Background

Dissimilarity in community composition is one of the most conspicuous features of forest ecosystems (Jost et al. 2011). Assessing compositional differences between forest communities is an important issue for several reasons. Dissimilarities between forest communities can reveal certain mechanisms that generate and maintain forest biodiversity and specific habitat effects that shape forest composition and structure (Socolar et al. 2016). Assessing dissimilarities between forest communities is essential for evaluating species invasions, changes caused by selective tree harvesting, or effects of climate change on species composition. In addition, effective measures of community dissimilarity may contribute to more meaningful classifications of forest vegetation (Wehenkel et al. 2014).

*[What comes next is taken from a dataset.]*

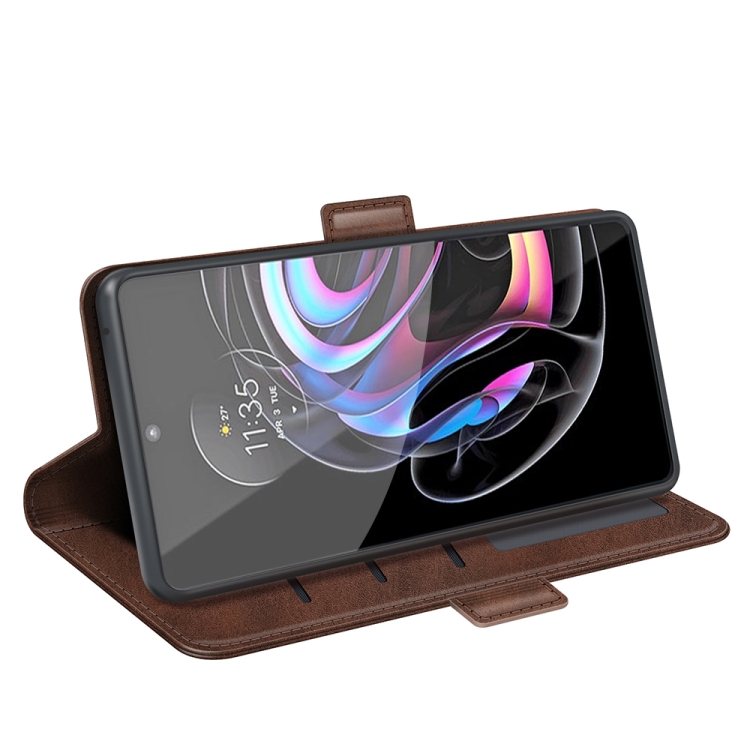 Para Motorola Edge 20 PRO 5G Hebilla magnética de doble lado de doble cara Funda de cuero con titular con soporte y tragamonedas y billetera (marrón)

Jaccard (1900) was probably the first who proposed a method for measuring the degree of community similarity and dissimilarity based on the number of species shared by two communities and the number of species unique to each of them. Two additional indices were subsequently proposed to estimate the difference between communities (Sørensen 1948; Bray and Curtis 1957). The Jaccard and Sørensen indices are using species presence/absence data. The Bray-Curtis index, a modified version of the Sørensen index, includes species abundances (Chao et al. 2005). These three indices have become the most widely used measures for assessing community similarity or dissimilarity in community ecology (Anderson et al. 2006). In addition, several other species incidence- or abundance-based indices have been developed (Chao et al. 2005; Legendre and Legendre 2012). Examples are the Chi-square distance index (Fenelon and Lebart 1971), the Canberra index (Lance and Williams 1967; Stephenson et al. 1972), and the Morisita-Horn index (Magurran 2004).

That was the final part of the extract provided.